Analysts of IIFL Capital Services forecast 12% revenue Cagr for Unichem over FY23-26 vs 3% revenue Cagr over FY19-23:
Unichem’s historical revenue growth has been lacklustre, with its US revenue (58% revenue contribution) remaining flat at USD100mn p.a. over the past 5 years. With Ipca targeting to improve Unichem’s growth trajectory by cross-selling Unichem’s portfolio in markets such as EU/AUNZ and via better utilisation of the manufacturing network of the combined entity, analysts of IIFL Capital Services have assumed Unichem’s revenue to ramp-up from Rs13bn in FY23 to Rs19bn in FY26.
Cost synergies look more achievable than revenue synergies, as Unichem’s employee costs & other expenses are ~600 & 1,000bps higher than those of Ipca. Ipca will target to improve Unichem’s margins through cost and R&D optimisation, by driving operational efficiencies at Unichem’s API plants and by increasing capacity utilisation of Unichem’s Formulation plants including the new Goa plant that is operating at only 25-30% utilisation. Analysts of IIFL Capital Services factor in Unichem’s Ebitda margins to improve from -3% in FY23 (+6.6% in Q1FY24) to +17% in FY26.

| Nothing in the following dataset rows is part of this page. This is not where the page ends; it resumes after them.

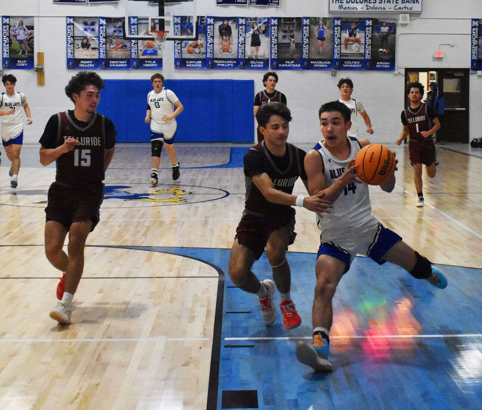 Mancos junior AJ Simmons and the Bluejays faced off against Telluride on Thursday night at Bluejay Fieldhouse. Erika Alvero/Special to The Journal
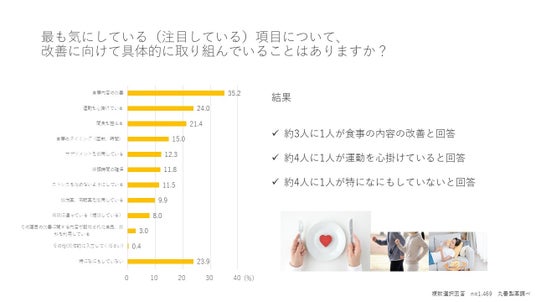 調査2で選択された項目について、改善に向けての取り組みを確認しています。約3人に1人が食事内容の改善と回答し、約4人に1人が運動を心掛けていると回答。一方で約4人に1人が特になにもしていないと回答しました。
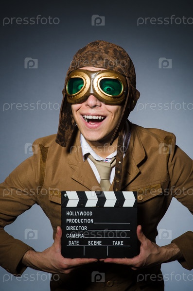 Смешной пилот с очками и шлемом
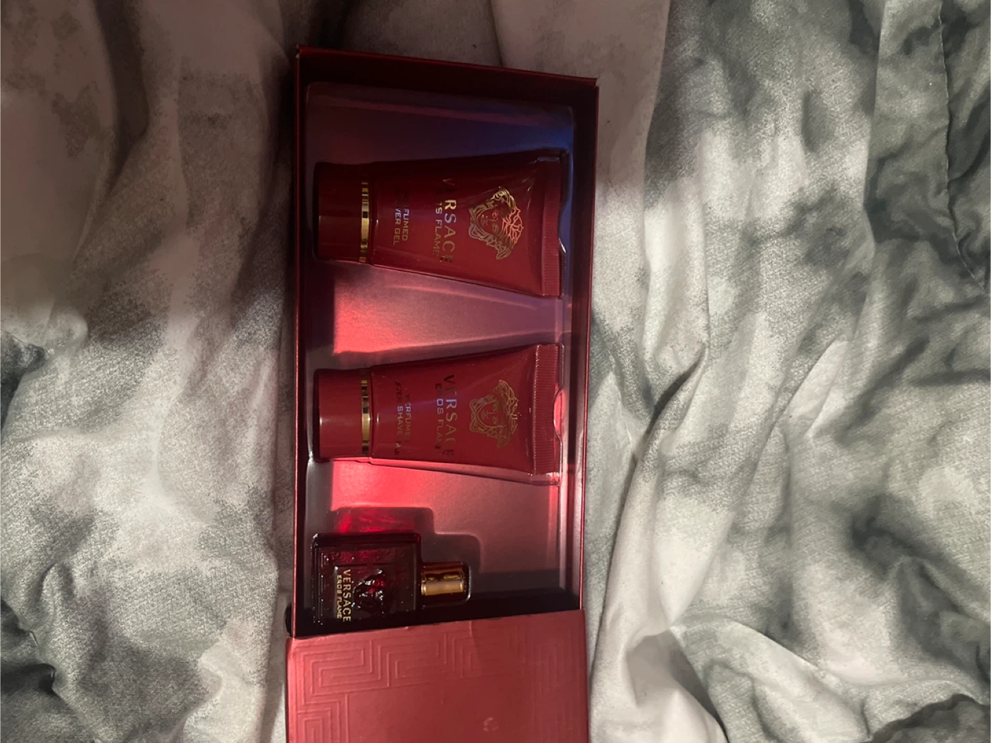 Selling a Versace Eros Flame gift set! It includes a shower gel, eau de parfum, and aftershave balm. The box is included
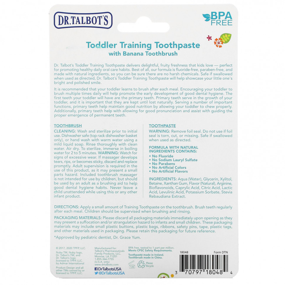 Доктор Зубная паста Talbot для малышей дарит детям восхитительную фруктовую свежесть, которая идеально подходит для ежедневного ухода за полостью рта. Лучше всего то, что наша формула не содержит фторидов и парабенов и изготовлена из натуральных ингредиентов, поэтому вы можете быть уверены, что она не содержит агрессивных химикатов. Безопасно при проглатывании и в соответствии с рекомендациями. Зубная паста для малышей от Talbot поможет продемонстрировать яркую и безупречную улыбку вашего малыша.

Export-led volatility will further increase for Ipca post the Unichem acquisition:
FY24 is already expected to be a muted year for Ipca’s Exports business (ex-Unichem), with its API segment sales expected to decline 10-12% and Generic Institutional segment expected to decline 15%. Earnings pressure will further increase over the next few quarters, as Ipca starts consolidating Unichem’s financials. Analysts of IIFL Capital Services have assumed a 7.5 months contribution from Unichem in their FY24 estimates.